我正在尝试释放分配给CString
的内存并使用ctypes传递给Python。但是,Python崩溃了一个malloc错误:
python(30068,0x7fff73f79000) malloc: *** error for object 0x103be2490: pointer being freed was not allocated
以下是我用来将指针传递给ctypes的Rust函数:
#[repr(C)]
pub struct Array {
pub data: *const c_void,
pub len: libc::size_t,
}
// Build &mut[[f64; 2]] from an Array, so it can be dropped
impl<'a> From<Array> for &'a mut [[f64; 2]] {
fn from(arr: Array) -> Self {
unsafe { slice::from_raw_parts_mut(arr.data as *mut [f64; 2], arr.len) }
}
}
// Build an Array from a Vec, so it can be leaked across the FFI boundary
impl<T> From<Vec<T>> for Array {
fn from(vec: Vec<T>) -> Self {
let array = Array {
data: vec.as_ptr() as *const libc::c_void,
len: vec.len() as libc::size_t,
};
mem::forget(vec);
array
}
}
// Build a Vec from an Array, so it can be dropped
impl From<Array> for Vec<[f64; 2]> {
fn from(arr: Array) -> Self {
unsafe { Vec::from_raw_parts(arr.data as *mut [f64; 2], arr.len, arr.len) }
}
}
// Decode an Array into a Polyline
impl From<Array> for String {
fn from(incoming: Array) -> String {
let result: String = match encode_coordinates(&incoming.into(), 5) {
Ok(res) => res,
// we don't need to adapt the error
Err(res) => res
};
result
}
}
#[no_mangle]
pub extern "C" fn encode_coordinates_ffi(coords: Array) -> *mut c_char {
let s: String = coords.into();
CString::new(s).unwrap().into_raw()
}
我用它来释放指针,当它被Python返回时
pub extern "C" fn drop_cstring(p: *mut c_char) {
unsafe { CString::from_raw(p) };
}
我正在用Python函数将指针转换为str
:
def char_array_to_string(res, _func, _args):
""" restype is c_void_p to prevent automatic conversion to str
which loses pointer access
"""
converted = cast(res, c_char_p)
result = converted.value
drop_cstring(converted)
return result
我正在使用Python函数生成Array
结构以传递给Rust:
class _FFIArray(Structure):
"""
Convert sequence of float lists to a C-compatible void array
example: [[1.0, 2.0], [3.0, 4.0]]
"""
_fields_ = [("data", c_void_p),
("len", c_size_t)]
@classmethod
def from_param(cls, seq):
""" Allow implicit conversions """
return seq if isinstance(seq, cls) else cls(seq)

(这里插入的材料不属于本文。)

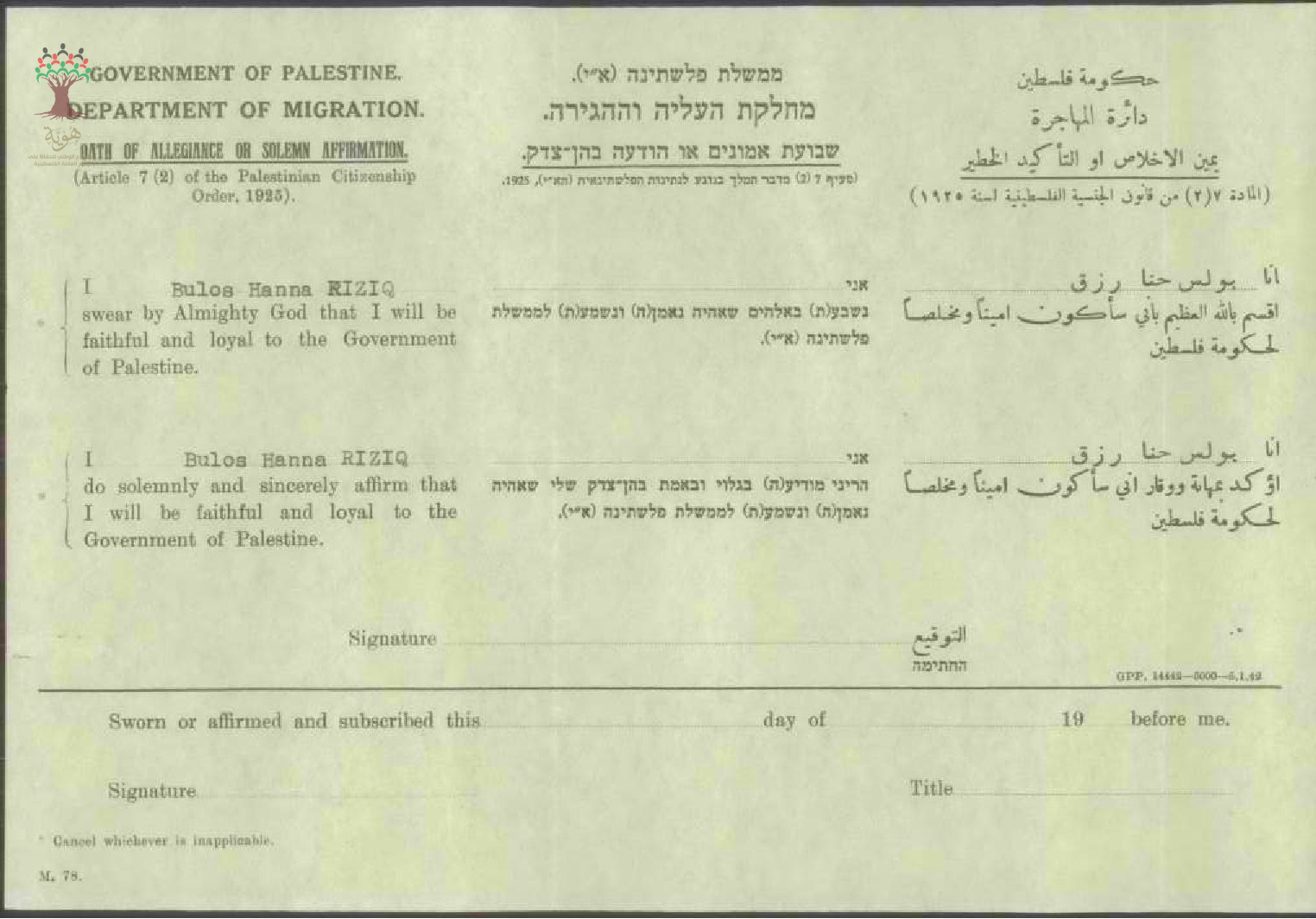 بولس رزق يوقع على يمين الإخلاص للحصول على الجنسية الفلسطينية
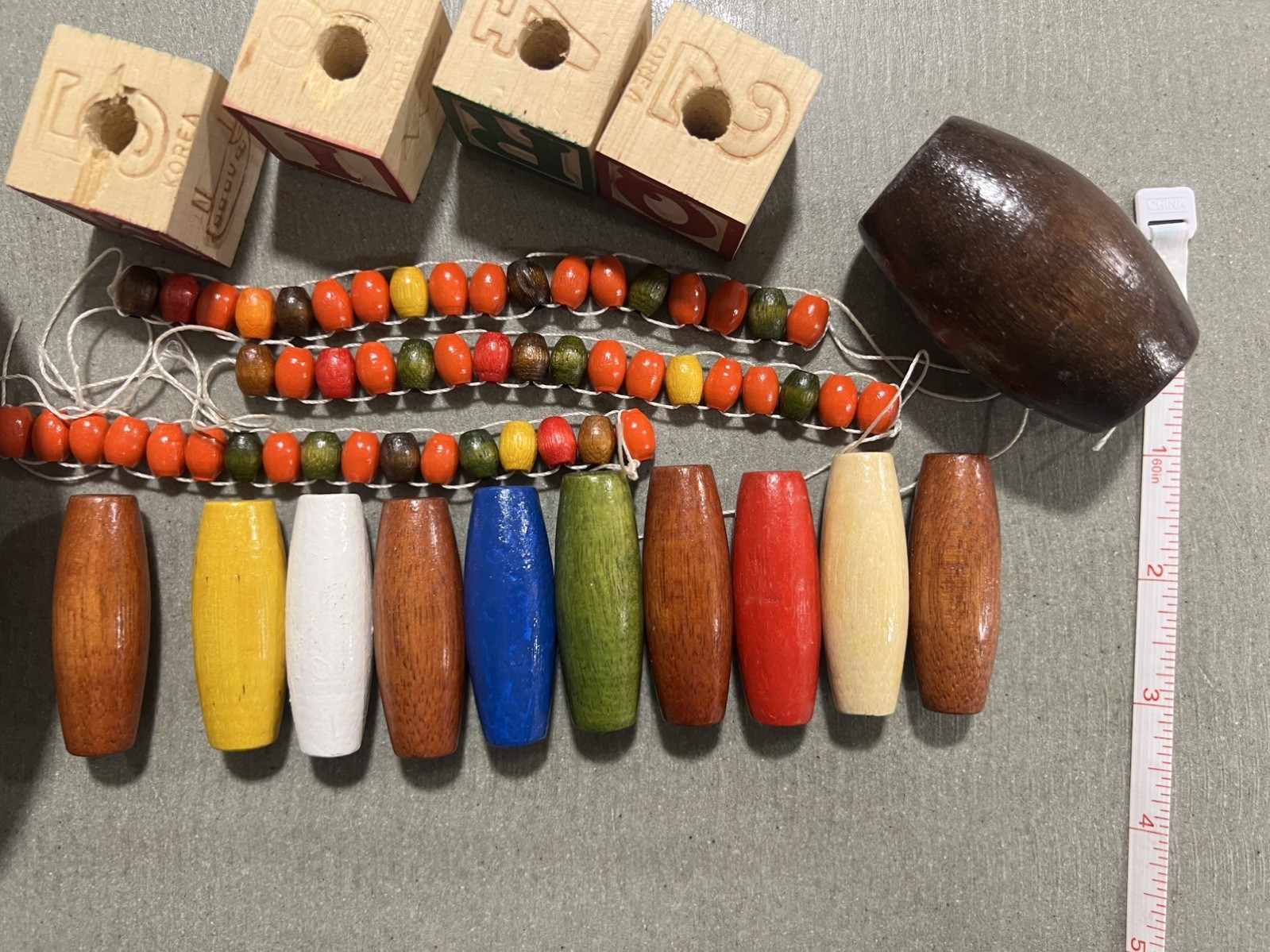 Vintage Macrame Jewelry Crafting Wood Bead Lot 300 Bead round oblong alphabet

def __init__(self, seq, data_type = c_double):
arr = ((c_double * 2) * len(seq))()
for i, member in enumerate(seq):
arr[i][0] = member[0]
arr[i][1] = member[1]
self.data = cast(arr, c_void_p)
self.len = len(seq)
argtype
和restype
定义:
encode_coordinates = lib.encode_coordinates_ffi
encode_coordinates.argtypes = (_FFIArray,)
encode_coordinates.restype = c_void_p
encode_coordinates.errcheck = char_array_to_string
drop_cstring = lib.drop_cstring
drop_cstring.argtypes = (c_char_p,)
drop_cstring.restype = None
我倾向于认为它不是Rust函数,因为dylib崩溃会导致段错(并且FFI测试在Rust端传递)。在调用FFI函数之后,我还可以继续使用Python中的其他操作 - 当进程退出时会发生malloc错误。
答案 0 :(得分:2)
我认为代码的Rust端承担了数据的所有权,并在进程退出时尝试解除分配数据,因此不应该责怪Python代码。作为证明,以下调用encode_coordinates_ffi
和drop_cstring
的C代码也会导致分段错误。
#include <stdio.h>
#include <stdlib.h>
#include <stdint.h>
typedef struct {
double longitude;
double latitude;
} coord_t;
typedef struct {
coord_t * data;
size_t count;
} points_t;
char * encode_coordinates_ffi(points_t points);
void drop_cstring(void * str);
int main(void)
{
points_t data;
coord_t * points;
char * res;
data.data = malloc(sizeof(coord_t) * 2);
data.count = 2;
points = (coord_t *)data.data;
points[0].latitude = 1.0;
points[0].longitude = 2.0;
points[1].latitude = 3.0;
points[1].longitude = 4.0;
res = encode_coordinates_ffi(data);
printf("%s\n", res);
free(data.data);
drop_cstring(res);
return 0;
}
valgrind -v
提供以下信息
Invalid free() / delete / delete[] / realloc()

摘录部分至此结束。